Such Wondrous Love!



"This is how we know what love is: Jesus Christ laid down His life for us" (I John 3:16). "How great is the love the Father has lavished on us, that we should be called children of God!" (I John 3:1). "This is how God showed His love among us: He sent His one and only Son into the world that we might live through Him. This is love: not that we loved God, but that He loved us and sent His Son as an atoning sacrifice for our sins" (I John 4: 9, 10).

Earlier this year I learned about a woman diagnosed with a rare form of lung cancer who had need of light meals to be brought into her home. Except for getting radiation treatments and chemo therapy at the cancer clinic Mary Lou was homebound making the sofa in her living room her daily recuperation bed month after month.

I began visiting Mary Lou in February of this year. I took over light meals and spent time talking to her. She was in obvious physical discomfort, but I also sensed that there was a pressing spiritual need. I talked to her about Jesus and learned that she had become very angry with God 48 years earlier when she was just 12 years old. A jolting loss in her life had caused her anger to turn to bitterness over the years and Mary Lou turned her back on God.
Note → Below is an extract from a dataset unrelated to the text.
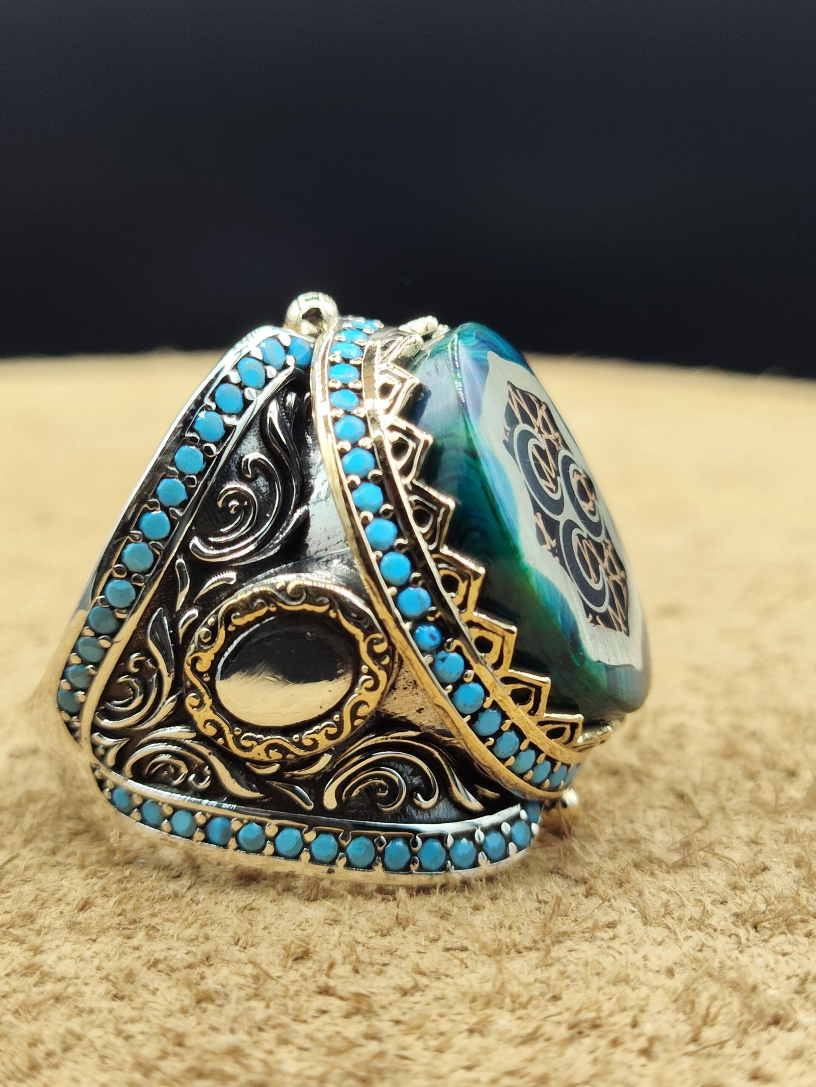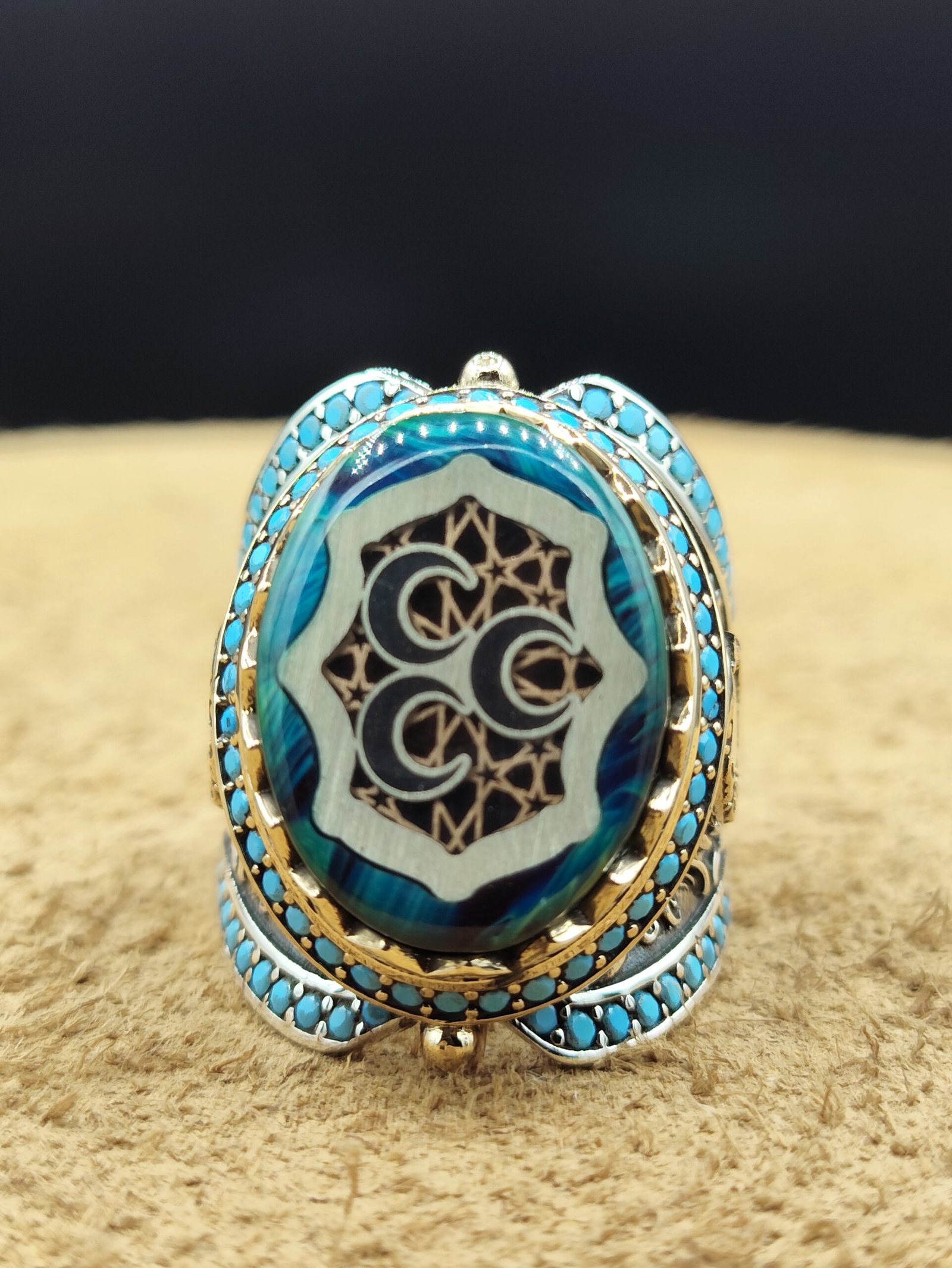 925 ayar gümüşten üretilmiş özel tasarım erkek yüzük, merkezinde yer alan Üç Hilal motifi ve turkuaz taş detayları ile dikkat çekici ve anlamlı bir tasarım sunar. Mavi-yeşil tonlardaki zemin üzerine işlenen sembol, yüzüğe güçlü ve karakterli bir duruş kazandırır.

During my months of immobility due to my broken ankle I lost touch with Mary Lou, but I went to visit her a couple of weeks ago and saw an immediate change in her countenance. Bibles were sitting on her coffee table and she had a bookmarked copy of a Christian book she was reading. Our conversation flowed and she told me that she had asked God back into her life and asked Him to forgive her. He had restored her joy and peace. But the one thing she couldn't fully comprehend is how God could love her so much that He would give up His only Son to come to this world and die for her sins.

Our warm conversation refreshed my spirit and reminded me that I often take God's redemptive and inexhaustible love for granted. I read the following message from an article by Regis Nicoll that especially deals with the subject of God's inexhaustible love:

"At the heart of love is other-centeredness. From small acts of kindness to the laying down of life for another, love is lived out and authenticated through personal sacrifice. It is thus, in the Incarnation, that we find the highest expression of divine love. For there we find a God who refused to exempt Himself from the stinging injustice of a world gone wrong. For a brief moment in history, God set aside His omnipotence to be the Son of Man—the Advocate who presents God to man and man to God.

Making Himself as one of us, God invaded the world, not as sovereign king but as a helpless infant. Associating with the downcast and outcast and ministering to the least and the last, He was shunned by His brothers, rejected by His countrymen, convicted on phony charges, tried by an illegitimate assembly, sentenced to an unjust death, spat upon, beaten, cursed, scourged, nailed to a tree, and, crying out in anguish, killed in infamy with common criminals as the hand of his Father was withheld. If anyone knows, from first-hand experience, about injustice it is He.

Because He walked in our shoes, He is the only deity who can understand our pain, sympathize with our suffering, and be patient with our questioning hearts. The Incarnation is the shocking and irrefutable display of inexhaustible Love."

Mary Lou and I sat together and discussed how impossible it is to fully understand this kind of inexhaustible love the Father has for His creation. In fact it made her weep as she realized how gracious God is to forgive her 48 years of walking away from this incredible love she had once known as a young girl. We can't fully understand it, but by faith we can accept it! I hope you have done so today.

Be encouraged today,

Stephen & Brooksyne Weber

Daily Prayer: Father, we ask that out of Your glorious riches that You might strengthen your children with power through Your Spirit in their inner beings, so that Christ may dwell in their hearts through faith. We pray that they, being rooted and established in love, may have power together with all the saints to grasp how wide and long and high and deep is the love of Christ, and to know this love that surpasses knowledge that they may be filled to the measure of all the fullness of God. In the precious name of Your Son, Jesus, we pray. Amen.